*DATASET SECTION*
******
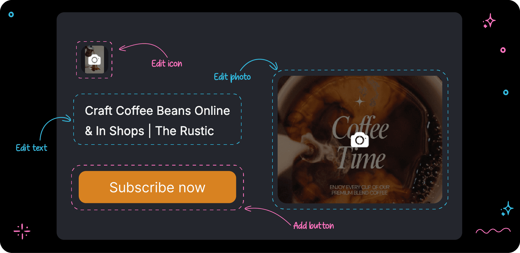 Keep cards small for a clean layout, or expand them with images, text, and calls
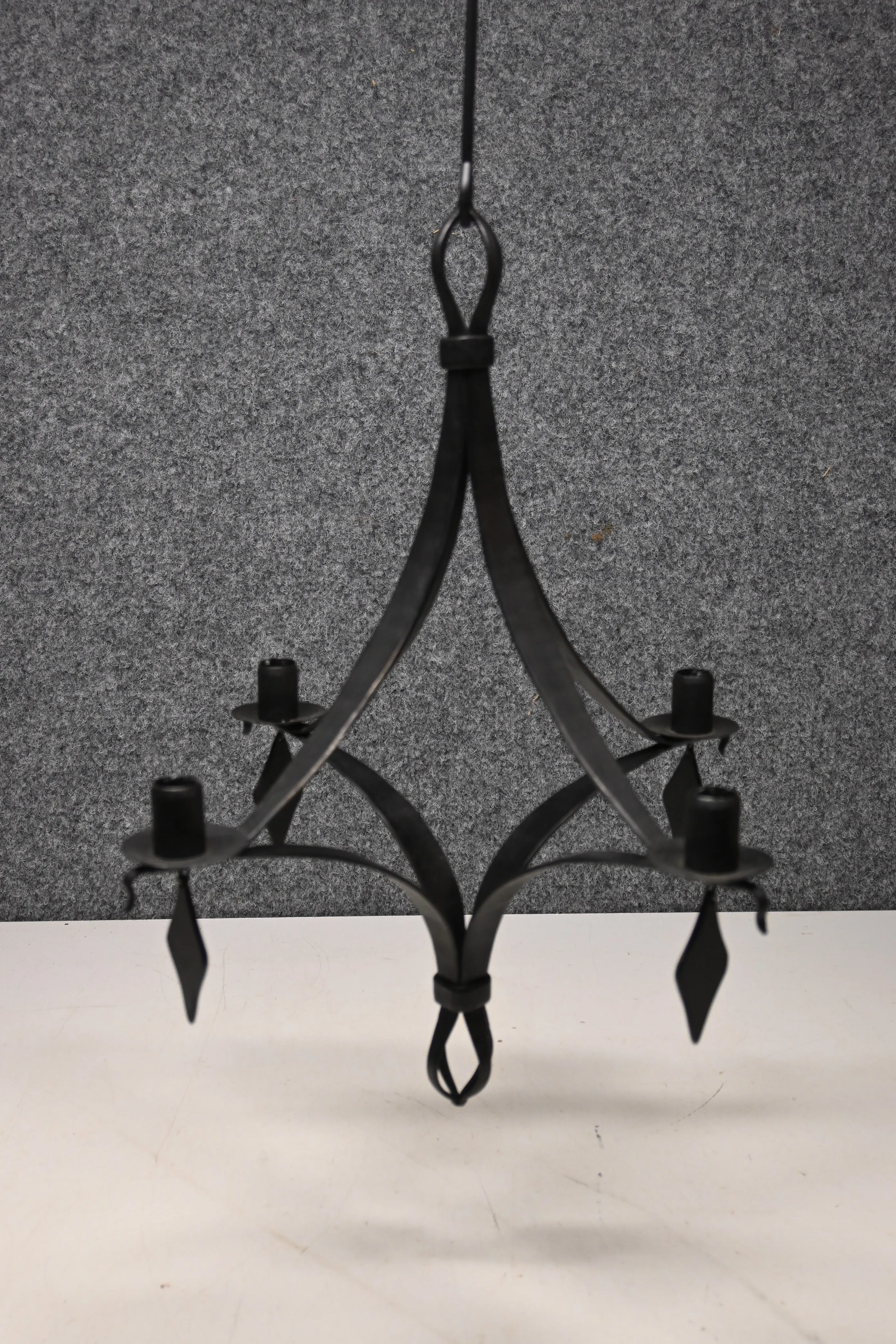 158. Ljuskrona i smide, Av Allan Sjöberg D.41cm H.50cm + 2st hängar 29cm
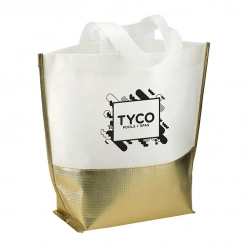 Metallic and Laminated Tote with Webbed Handles - 14" x 19.5"
******
*WORK REQUIRED*
Verbatim output, no pictures: the line holding "158. Ljuskrona i" and all lines after it through the last line of the material, with nothing else.

*RESPONSE*
 158. Ljuskrona i smide, Av Allan Sjöberg D.41cm H.50cm + 2st hängar 29cm
 Metallic and Laminated Tote with Webbed Handles - 14" x 19.5"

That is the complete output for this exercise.